Having once known in her heart that euthanasia was wrong, she now feels very differently.
"We say in this place that when we make a decision that we will walk a mile in another man's shoes - well I have certainly done that ... having held the hand of the person that I deeply loved as he died peacefully, as he died painlessly, as he died willingly, and in the manner in which he wanted."
Who am I to deny Territorians and Canberrans the choice to leave the Earth in the same "beautiful way", she said.
The territory rights bill has moved slowly in the Senate after it passed the House of Representatives nearly two months ago.
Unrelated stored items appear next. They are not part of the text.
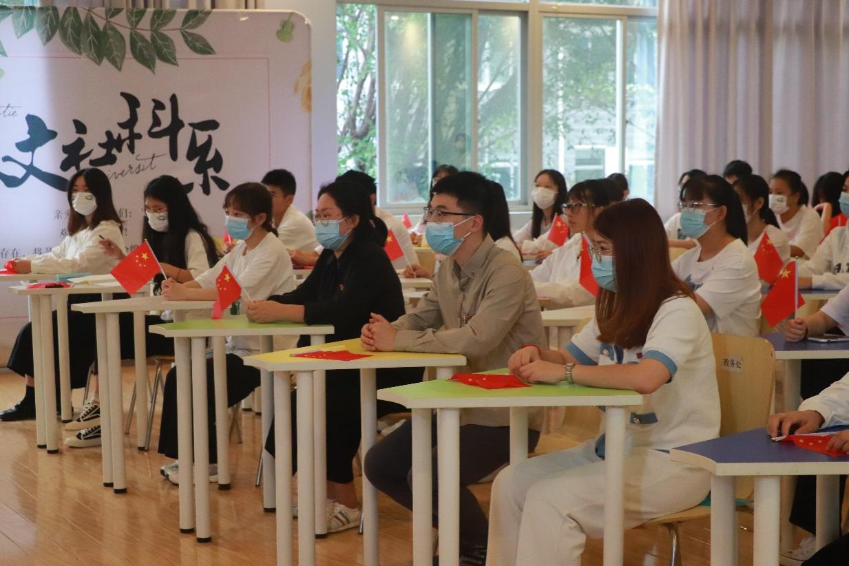 师生们手举国旗,认真聆听、学习习近平总书记代表第十九届中央委员会向大会作的报告。报告结束后,人文学子表示这次活动是一个很好的契机,让大家在第一时间了解到二十大的相关信息,也能更直接感受到党和国家的发展,以及新时代青年身上肩负的时代重任。
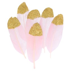 Lot de 6 plumes roses avec paillettes dorées de la collection "Lovely Swan" de Artemio.
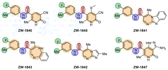 Significantly, a few common structural features among these active ligands allowed us to formulate a tentative pharmacophore model based on their ligand alignments (Figure 4) using the molecular modeling program “Phase” (Schrödinger Inc., New York, NY, USA) [,]. These features are denoted as A (acceptor), D (donor), H (hydrophobe) and R (aromatic ring). At this point, instead of conducting the typical virtual screening against a compound library, we chose to pursue a pharmacophore-guided design and synthesis of a small library with numerous complex heterocyclic cores conforming to the common pharmacophore features. Similar approaches have been used by others in medicinal chemistry [,,,,,,]. Designed compounds are shown in Figure 5. The synthetic tractability from a common intermediate was considered during the process for rapid access to final compounds. Preserved pharmacophore features are shown in the same color as used in the pharmacophore model (Figure 5 vs. Figure 4). The proposed analogs were subjected to molecular docking (PDB ID: 5WRE) using Schrödinger Maestro 2019-1. Compounds were assessed based on both the docking score and the desired binding modes with key residues such as W102 and halogen binding pocket residues. Selected compounds were synthesized and evaluated in our assays.
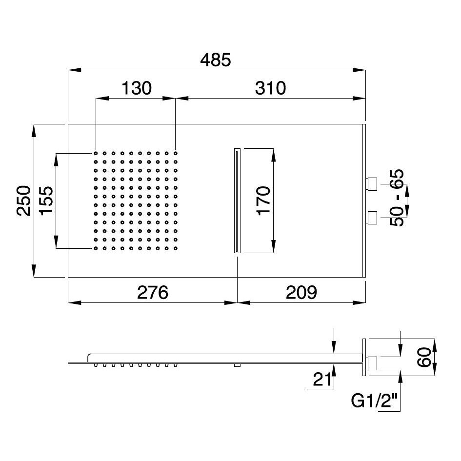 BUGNATESE WELLNESS-KOPFBRAUSE 2 STRAHLEN WASSERFALL UND REGEN CHROM
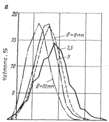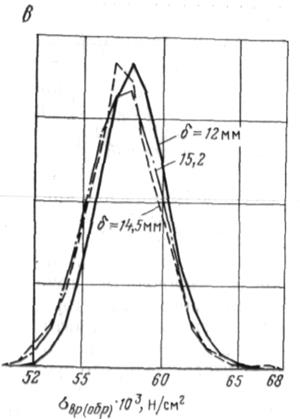 результаты испытаний образцов, вырезанных из труб. По Остановимся далее на распределении пределов прочности материала труб и на факторах, оказывающих на них влияние. Были обработаны данные лабораторных испытаний около 70000 образцов, вырезанных из труб различных диаметров и толщин стенок б. Материал труб — сталь 17Г1С, размеры образцов
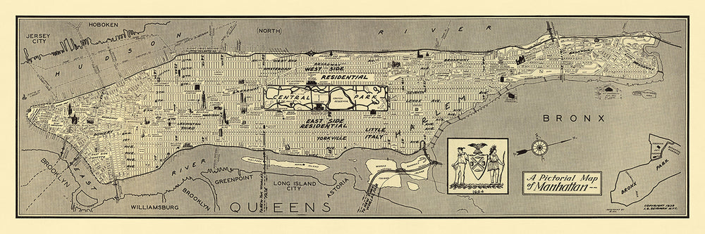 Old Pictorial Map of Manhattan by Seidman, 1939: Central Park, Empire State, Harlem, Times Square, Broadway
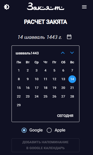 Для добавления уведомления в календарь необходимо раскрыть календарь на главном экране. Кнопка добавления будет активной только после того как в результате вычислений сумма закята станет положительной. Далее необходимо выбрать дату в календаре от которой будет вестись отчет до наступления выплаты закята и примерно за 10 дней до окончания этого срока (год по лунному календарю) будет прислано уведомление через календарь. Если дату не выбрать будет установлен отчет от текущего дня на момент добавления уведомления. Для Google календаря открывается страница добавления уведомления, для Apple календаря скачивается файл календаря при открытии которого будет предложено добавить уведомление. При установке уведомления есть возможность выбора уведомления на почту и времени уведомления (по умолчанию 12:00 мо МСК). В описании уведомления содержится информация о дате отсчета по хиджре и ссылка на данный сайт и приложение. По умолчанию уведомление приходит на телефон, где используется аккаунт Google/Apple календарь в который добавлено уведомление.
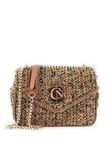 Borsa a spalla con pattina in tessuto boucle' con applicazione di paillettes tramezza con zip interna.tasca sul retro tracolla in catena e rifiniture in metallizzato. spallaccio con imbottitura logo in metallo e frangine in tessuto.
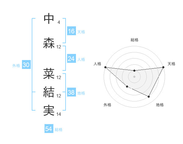 中森 菜結実さんの地格は38画の4点!
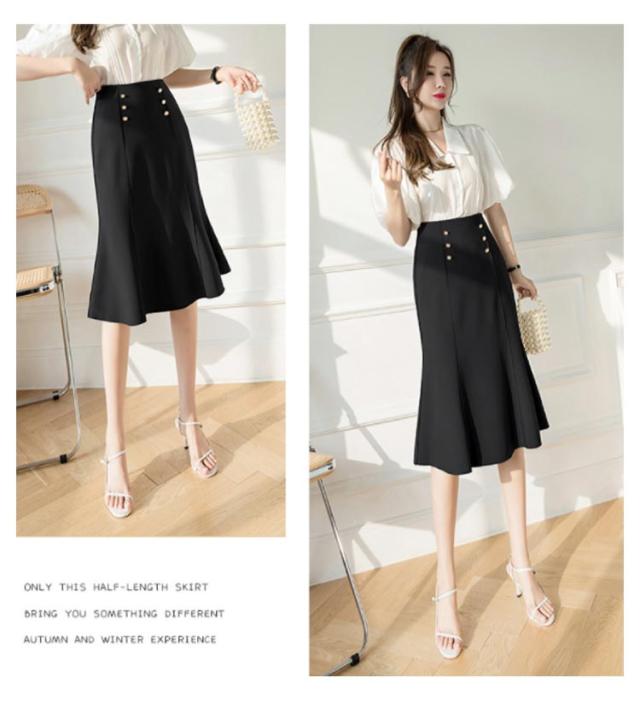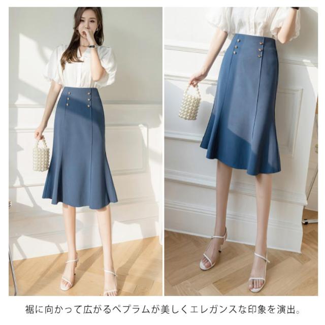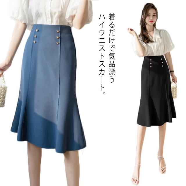ハイウエストスカート 膝丈スカート マーメイドスカート 送料無料 マーメイド タイトスカート スカート フリルスカート 通勤スカート フリル ハイウエスト 春夏 秋 美ライン ブラック ブルー 大人 エレガント

Three hour-long sessions of debate have progressed through 20 speakers, but the list continues to grow as an unofficial filibuster from the no camp attempts to delay a final vote.
ACT senator David Pocock made a deal with Labor to allow for the Wednesday debate slot, but both sides expect November will be the earliest a vote can be held.
Other senators voicing their support in the debate on Wednesday were Labor's Malarndirri McCarthy, Carol Brown and Louise Pratt, and Liberal moderate Andrew Bragg. Liberal's Alex Antic and One Nation's Malcolm Roberts spoke against the bill.
Coalition senators Dean Smith, Gerard Rennick, Matt Canavan and Jonathon Duniam are still expected to speak on the bill before a vote can be held.
Senator Pratt said no one could find a jurisdiction that supports voluntary assisted dying more than Canberra.